The results also suggest a change in the way we think about heating and cooling our homes. “We’ve demonstrated that a data-rich predictive control system can save electricity, with no impact on human comfort,” said Kircher. “What we envision is a thermostat that doesn’t use degrees, but operates in modes, like your car. In ‘Eco’ mode, you reduce the operation time, but save huge amounts of energy. In ‘Performance’ mode, you can blast the heat for a short period of time before returning to normal.”
The DC Nanogrid House is one of multiple initiatives of the Center for High Performance Buildings, a Purdue organization dedicated to partnering with industry and academia to advance the technologies of smart homes and high-performance buildings. Purdue hosts the largest academic HVAC lab in the world at Herrick Labs, including a unique building-within-a-building facility that tests smart home technologies and their impact on human comfort.
“Data is the key,” said Kircher. “Based on just one month of data, we could build a relatively simple model for predictive heating, which demonstrated tangible energy savings in a real-world home. Imagine expanding that technology to a neighborhood, a city, or the entire country.”

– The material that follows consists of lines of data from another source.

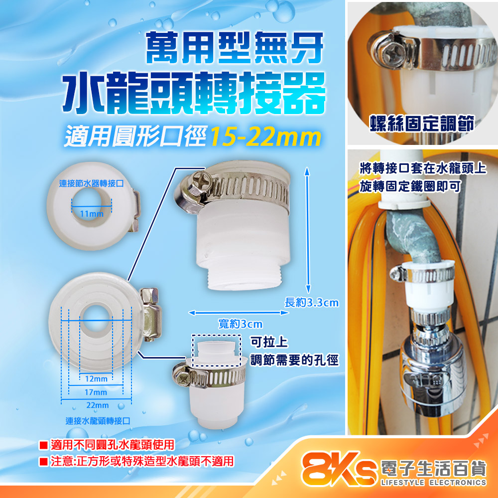 1.水龍頭需有內螺紋或外螺紋,無螺紋需另外自行購買通用接頭亦能安裝使用
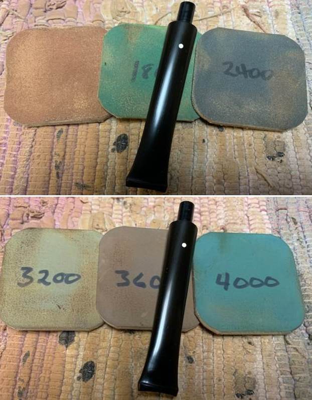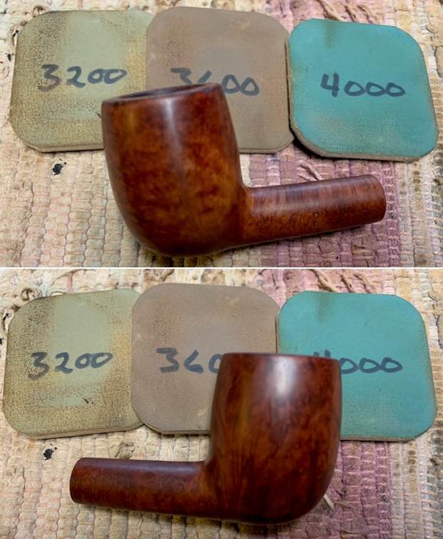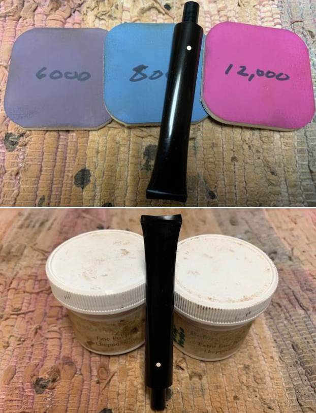 I polished the vulcanite with micromesh sanding pads – 1500-12000 grit pads. I wiped it down with Obsidian Oil after each sanding pad. I used Before & After Pipe Polish – both Fine and Extra Fine to further polish the stem.
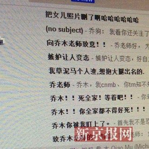 他说,还有网友晒出了其女儿的打码照片,后来几经交涉对方才将之删除,“那是我一个学生,”乔木称,这位学生还威胁将公布其女儿不打码照片。
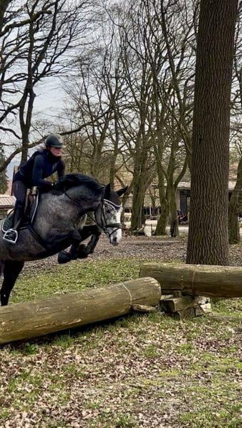 Unser vierjährige Wallach, Gerne Groß abstammend von Grey Top/ Stolzenberg ist ein ganz unkomplizierter, lustiger, kleiner Freund, der mit Talent am Sprung überzeugt. Im letzten Jar angeritten präsentiert er sich schon recht abgeklärt, aber sportlich ambitioniert. Neben der Dressurarbeit und dem Springen, sowie Freispringen kennt er schön Gelände und lässt sich auch von Kindern reiten und händeln. Im Umgang, mit anderen Pferden, beim Verladen, sowie beim Schmied ist er artig. Das Pferd hat noch keinen TÜV Umfassendes Videomaterial und weitere Infos gern unter 0174/5630008
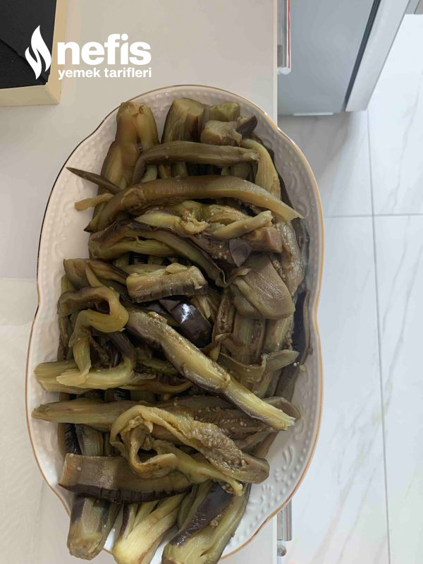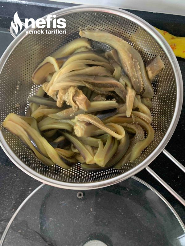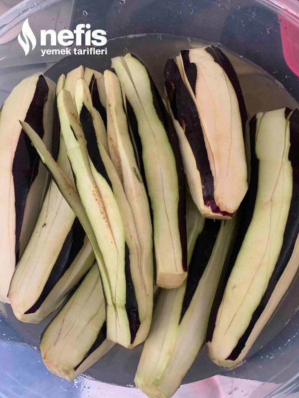 2. Patlıcanların başlarını kopartıp, pijama üzere kabuğunu soyup; uzunlumasına 4’e kesiyoruz.
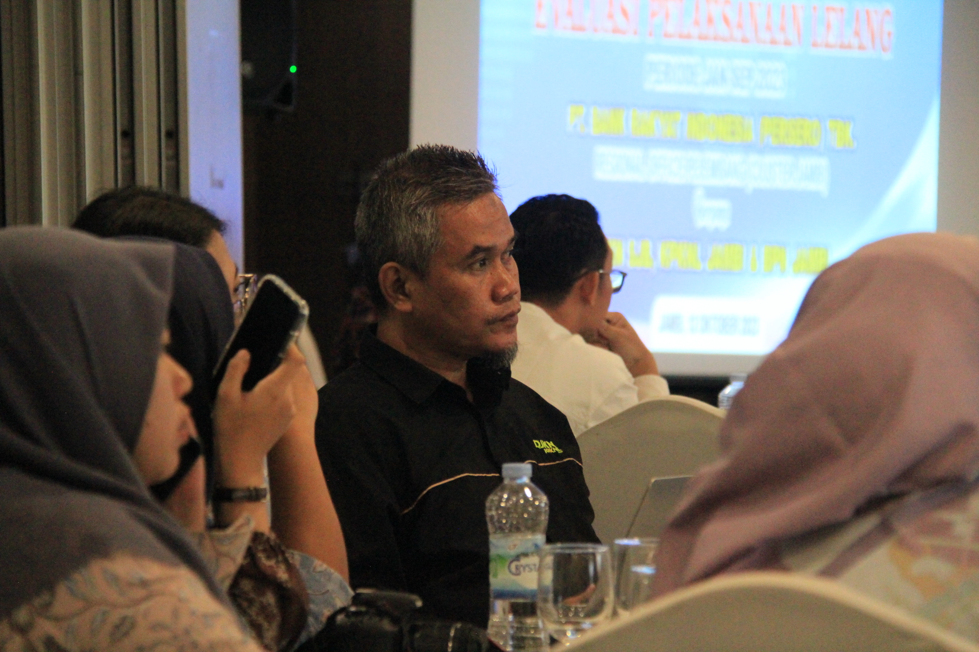 Kegiatan ini dilaksanakan guna melakukan evaluasi terkait capaian lelang sampai dengan Triwulan III 2023 serta pembahasan prognosa dan upaya optimalisasi pelaksanaan lelang Triwulan IV 2023. Dalam kesempatan pemaparan atas kinerja lelang terkait pelaksanaan lelang dari permohoan PT BRI di KPKNL Jambi, Kepala KPKNL Jambi, Darnadi memberikan gambaran capaian atas lelang dari permohonan dari PT BRI KC Jambi, adapun permohonan lelang selama tahun 2023 sampai dengan Triwulan III terbanyak berasal dari Bank BRI dengan frekuensi lelang sebanyak 288 frekuensi yang berasal dari 171 pemohon dengan pokok lelang sebesar Rp12,4 miliar, yang secara keseluruhan telah memenuhi harapan bersama. Walau demikian masih ada beberapa kendala di lapangan yang harus didiskusikan bersama pemecahannya, diantaranya adalah terkait permohonan SKPT secara online. Hadir juga dalam kegiatan ini Kepala Penetapan Hak dan Pendaftaran Tanah, BPN Jambi, Sontang Coin Manurung terkait persoalan di Kantor Pertanahan.
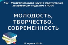XVI Республиканская научно-практическая конференция студентов СПО РТ «Молодость, творчество, современность» 22.04.2015
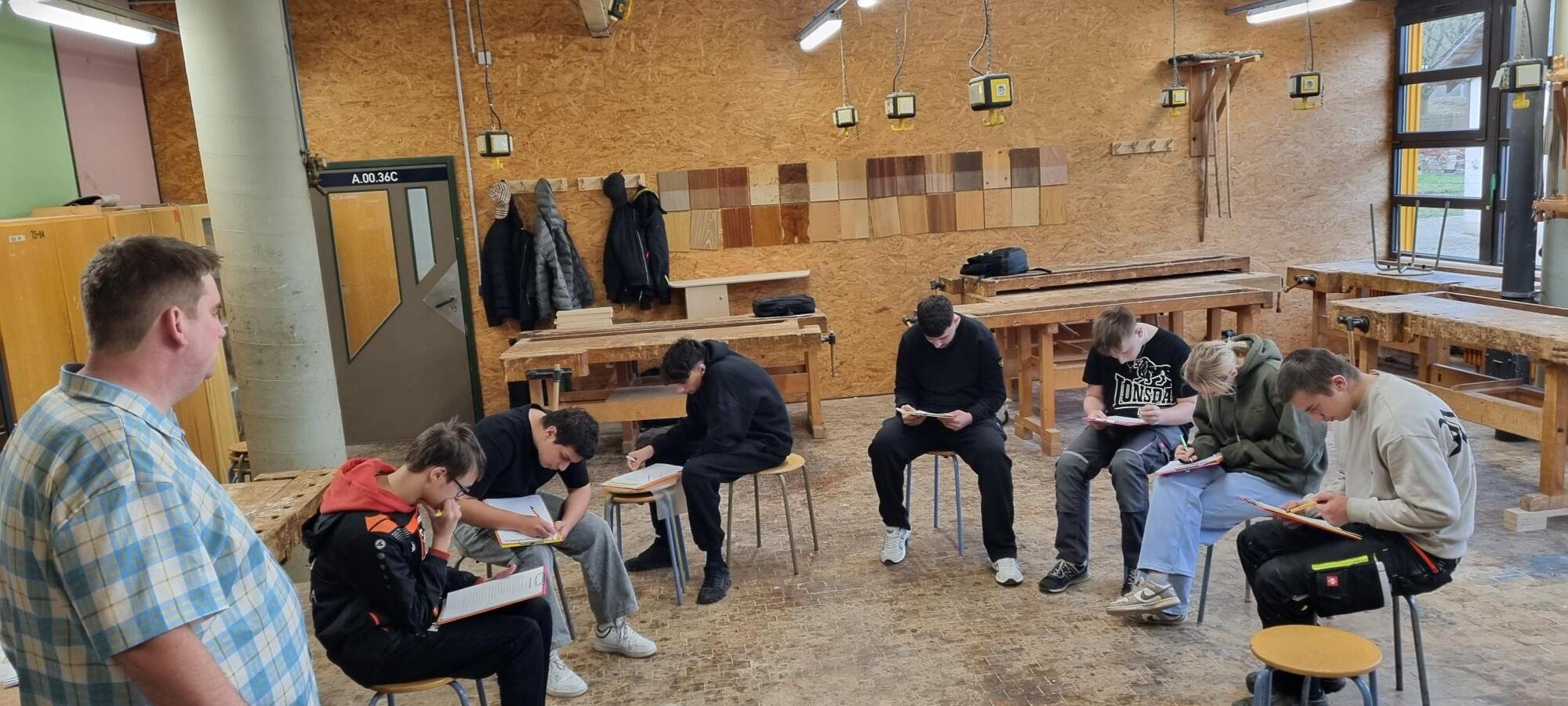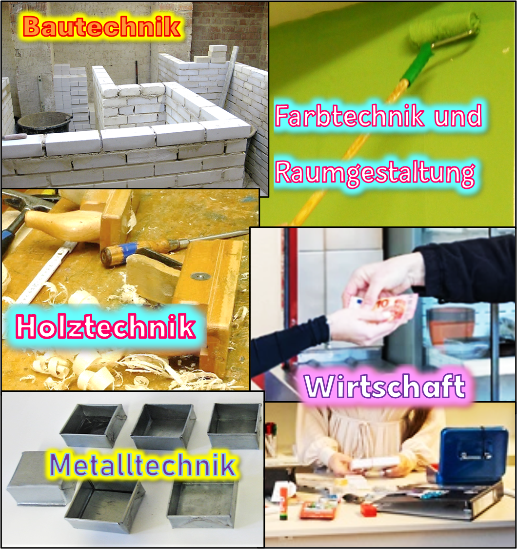 Es werden die Berufsfelder Bau-, Farb-, Holz- und Metalltechnik in der Fachtheorie und Fachpraxis in den Werkstätten erarbeitet.Fachrichtung Wirtschaft
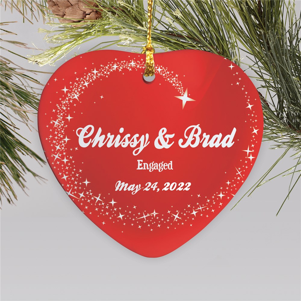 Congratulate your newly engaged couple by presenting them with this beautiful heart shaped Engagement Christmas Ornament. Our Personalized Ornament is a keepsake they can hang anywhere they please and looks fabulous hung on the Christmas tree every year.
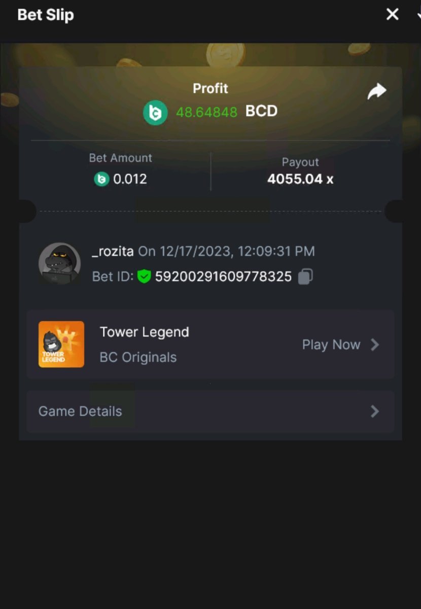 Moderator Giandreas Posted December 17, 2023 Moderator Share Posted December 17, 2023 Read Carefully Before Start To Hunt Forum Daily Challenges #451Hunt : Tower Legend Win the highest pay out Min Payout : x13 Min Level 10 ️Duration Starting : Now End time : 23.59 UTC Time How to Join? Make screenshot + paste your bet link + UID or Profile link Any coin, with min bet 0.01 USD is allowed (jb/bb/bcl not allowed) Reward Prizes 1st Place.....$7 BCD 2nd Place.....$5 BCD 3rd Place.....$4 BCD 4th Place.....$3 BCD 5th Place.....$2 BCD 🏵 Winners will be announcing next day after Roll Point! Link to comment Share on other sites More sharing options...
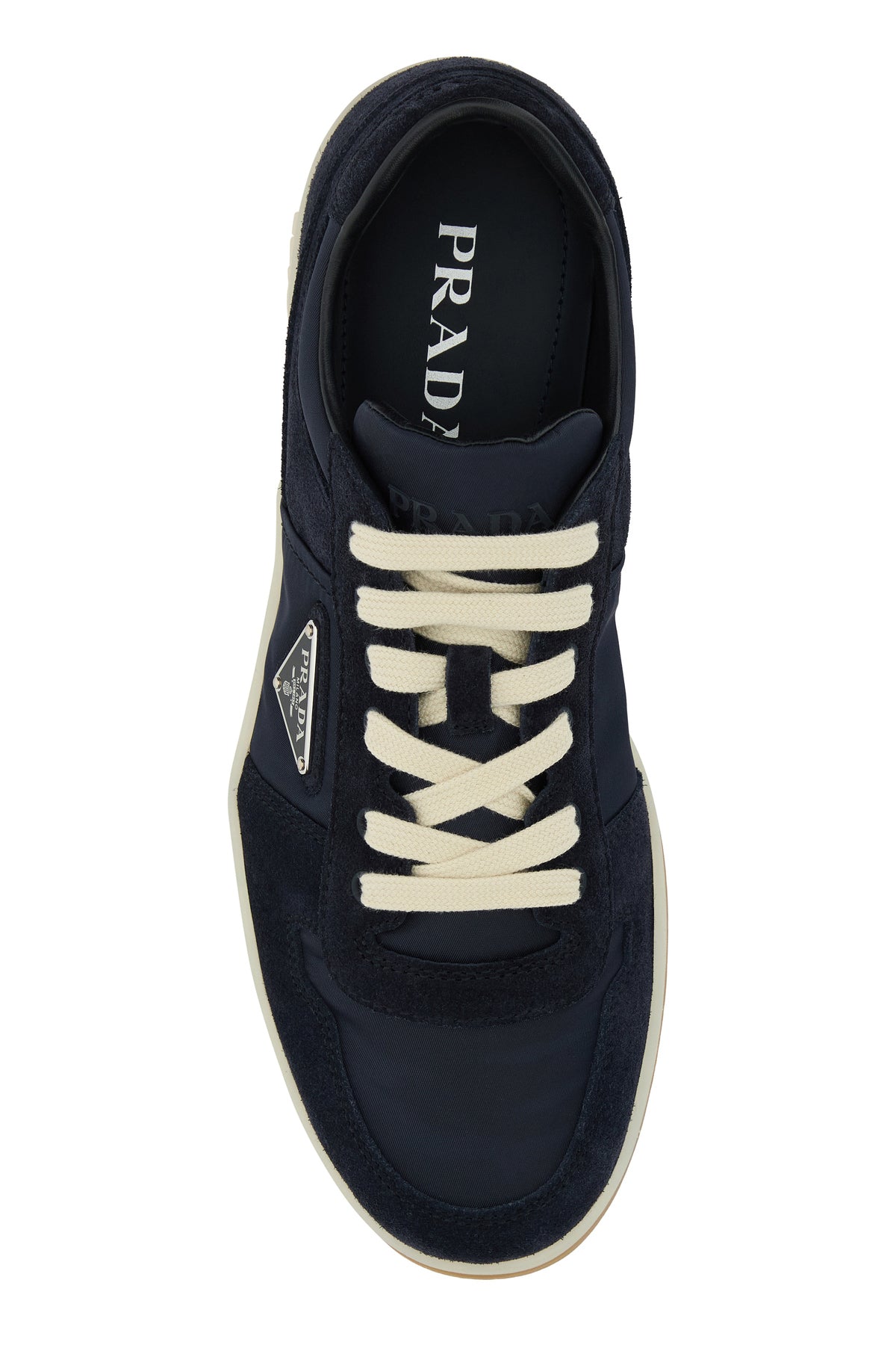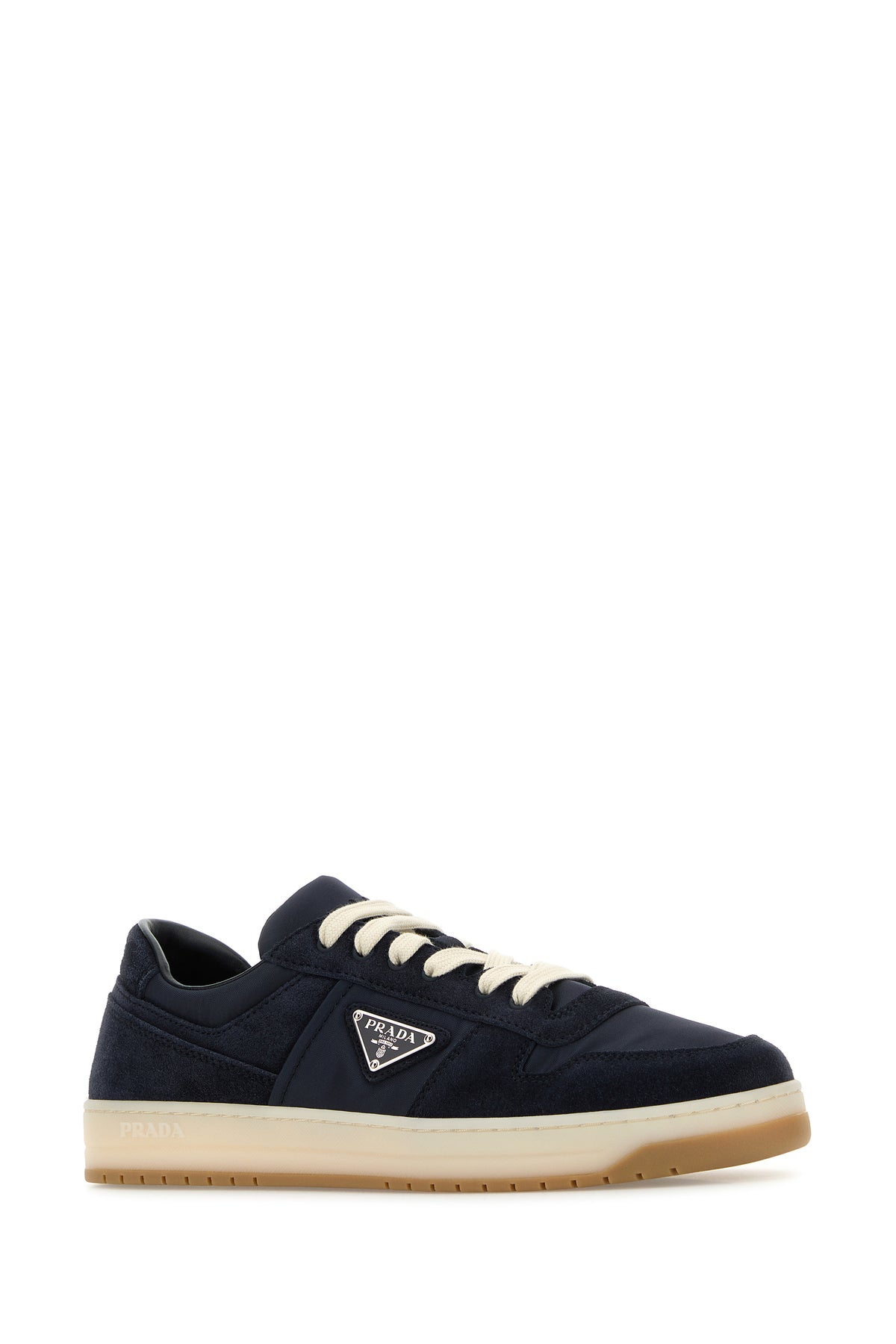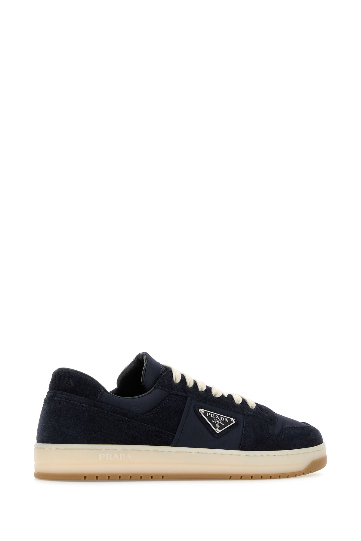 Sneakers realized in canvas and suede characterized by embossed logo at the back and logo in relief on the sole enriched by iconic logoed metal triangle on the side.
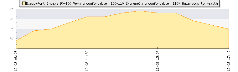 | Wind Speed: | 1|9|17 knots | Wind Direction: | ESE 119° | Temperature: | 27.3°C | | Wet Bulb: | 18.1°C | Discomfort: | 89 | Humidity: | 39% | | Rainfall Today: | 0mm | 12 hrs Rainfall: | 0mm | 24 hrs Rainfall: | 0mm | | Barometer: | 1020.6mb | Dew Point: | 12.2°C | Clouds AGL: | 6076ft (1852 m) | | Density-Alt: | 4882ft (1488 m) | Solar Radiation: | 612Wm² | Fire Danger: | |
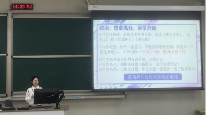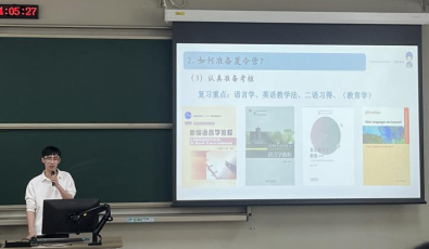 随后,成功考取本校学科教学(英语)专业的黄菀蜓同学分享了她的考研心得。她从目标定位、备考策略和心理调适三个维度展开,着重强调了明确目标院校、反复研习真题以及保持积极心态的备考要诀。
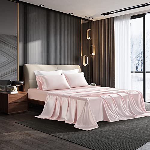 NA HommxJF 4PCS Blush Pink Satin Sheets Queen Size Silky Sheets Sets Lightweight Soft Bedding Sets with 1 Flat Sheet+1 Deep Pocket Fitted Sheet+2 Pillowcases (Blush Pink, Queen)
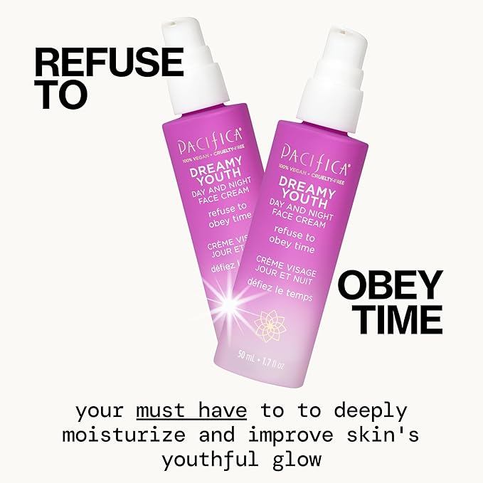 Pacifica Beauty Dreamy Youth Day and Night Face Cream - 1.7 Fl Oz (Pack of 2)- Moisturizer - For Dry and Aging Skin - Peptides, Grapeseed Oil, Floral Stem Cells - Sulfate + Paraben Free - Vegan and Cruelty Free
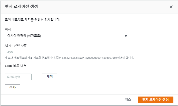 엣지 로케이션(Edge location)은 코어 영역에 속한 리전으로 코어 네트워크에서 관리하게 될 리전을 선택합니다.
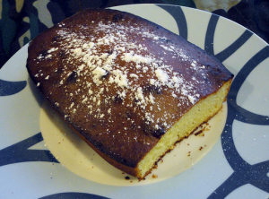 - Ponemos el horno a calentar a 180º y ponemos la masa en un molde. Para que no se pegue, ya que no lleva casi aceite, se puede utilizar papel de horno para forrar el molde. con ese papel.
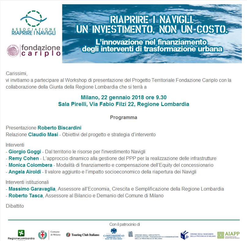 Tanto per restare ai Navigli e non mollare l’osso, ricordo l’assessore al bilancio Tasca presente al convegno del 22 gennaio scorso in Regione, dal titolo Riaprire i navigli, non un costo ma un investimento. In quel convegno la tesi era che la riapertura dei Navigli non sarebbe costata un soldo al Comune: tutto sarebbe andato in un miracoloso circuito di project financing e generosi sponsor. Non ricordo alcuna obiezione da parte dell’assessore. Ma allora questi soldi ci sono o non ci sono?

Pergantis' work is supported by the Onassis Foundation, and a grant-in-aid from the American Society of Heating, Refrigerating and Air-Conditioning Engineers (ASHRAE).
High-performance building research is among numerous Purdue interdisciplinary initiatives designed to address research in and advancement of AI technologies, including the Purdue Computes initiative and Purdue’s Institute for Physical AI.
Writer: Jared Pike, jaredpike@purdue.edu, 765-496-0374
Source: Kevin Kircher, kircher@purdue.edu
Elias Pergantis, epergant@purdue.edu
Field demonstration of predictive heating control for an all-electric house in a cold climate
Elias N. Pergantis, Priyadarshan, Nadah Al Theeb, Parveen Dhillon, Jonathan P. Ore, Davide Ziviani, Eckhard A. Groll, Kevin J. Kircher
https://doi.org/10.1016/j.apenergy.2024.122820
ABSTRACT: Efficient electric heat pumps that replace fossil-fueled heating systems could significantly reduce greenhouse gas emissions. However, electric heat pumps can sharply increase electricity demand, causing high utility bills and stressing the power grid. Residential neighborhoods could see particularly high electricity demand during cold weather, when heat demand rises and heat pump efficiencies fall. This paper presents the development and field demonstration of a predictive control system for an air-to-air heat pump with backup electric resistance heat. The control system adjusts indoor temperature set-points based on weather forecasts, occupancy conditions, and data-driven models of the building and heating equipment. Field tests from January to March of 2023 in an occupied, all-electric, 208 m2 detached single-family house in Indiana, USA, included outdoor temperatures as low as −15°C. On average over these tests, the control system reduced daily heating energy use by 19% (95% confidence interval: 13%–24%), energy used for backup heat by 38%, and the frequency of using the highest stage (19 kW) of backup heat by 83%. Concurrent surveys of residents showed that the control system maintained satisfactory thermal comfort. The control system could reduce the house’s total annual heating costs by about $300 (95% confidence interval: 23%–34%). These real-world results could strengthen the case for deploying predictive home heating control, bringing the technology one step closer to reducing emissions, utility bills, and power grid impacts at scale.